[What the task asks] Leave out all pictures. Extract exactly the lines from the one containing "他以中山籍奧運健兒蘇炳添在東" through the end of the data.

[Given material]
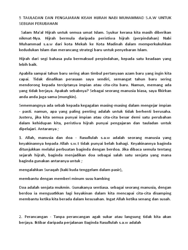 5 Tauladan Dan Pengajaran Kisah Hijrah Nabi Muhammad S
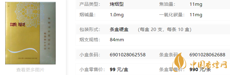 | 類型 :烤煙型 | 焦油量 :12mg | 煙氣煙堿量 :1.1mg | 一氧化碳量 :12mg |
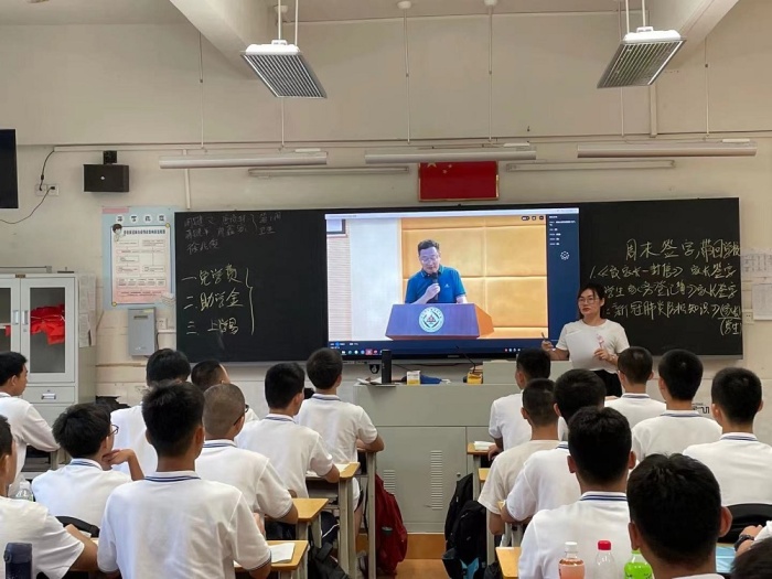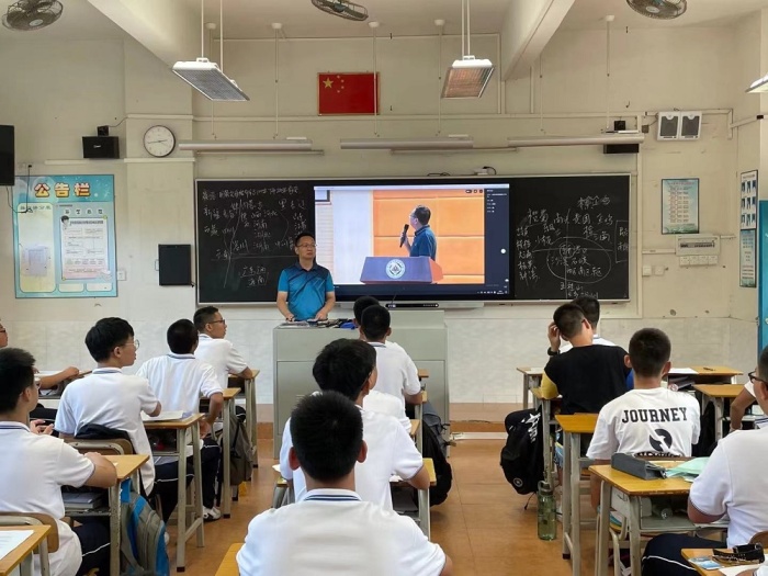 他以中山籍奧運健兒蘇炳添在東京奧運賽場上頑強拼搏為國爭光談起,激發(fā)青年學生對民族的自豪感和榮譽感。繼而他拋磚引玉地提出問題:“同學們對責任與擔當?shù)目捶ㄊ鞘裁??”“作為新時代的青年,你們的時代擔當是什么?”事例催人奮進,問題發(fā)人深省。
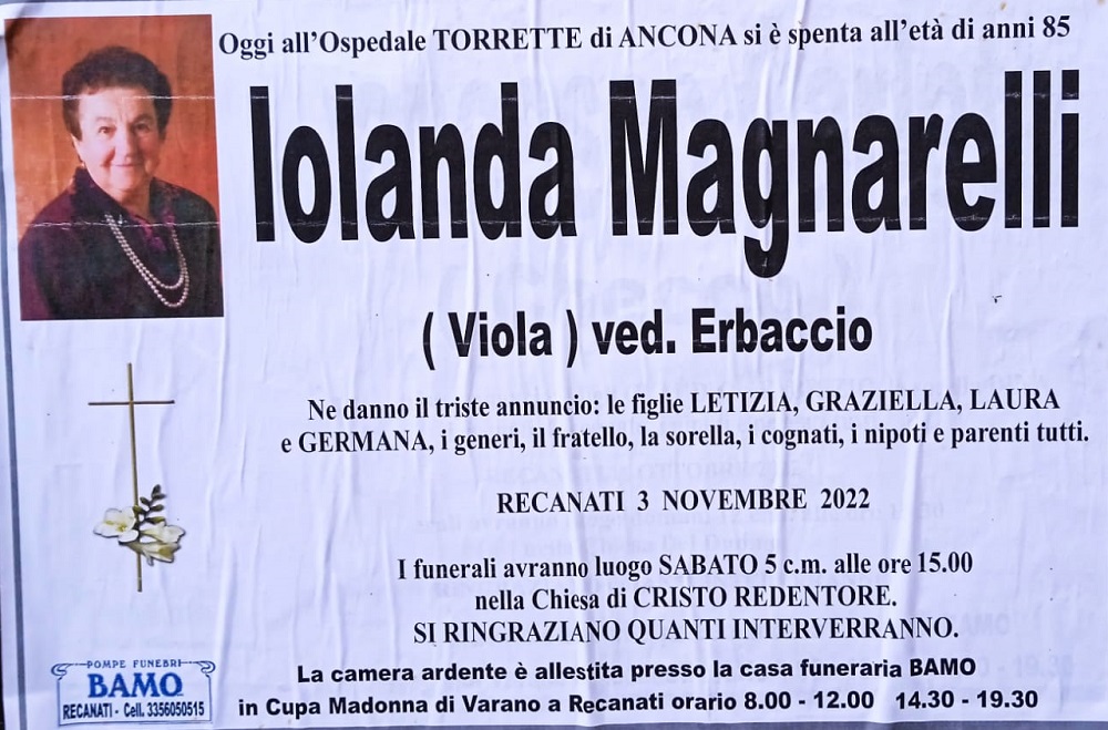 E’ morta Iolanda (Viola) Magnarelli ved. Erbaccio

[Task response]
 他以中山籍奧運健兒蘇炳添在東京奧運賽場上頑強拼搏為國爭光談起,激發(fā)青年學生對民族的自豪感和榮譽感。繼而他拋磚引玉地提出問題:“同學們對責任與擔當?shù)目捶ㄊ鞘裁??”“作為新時代的青年,你們的時代擔當是什么?”事例催人奮進,問題發(fā)人深省。
 E’ morta Iolanda (Viola) Magnarelli ved. Erbaccio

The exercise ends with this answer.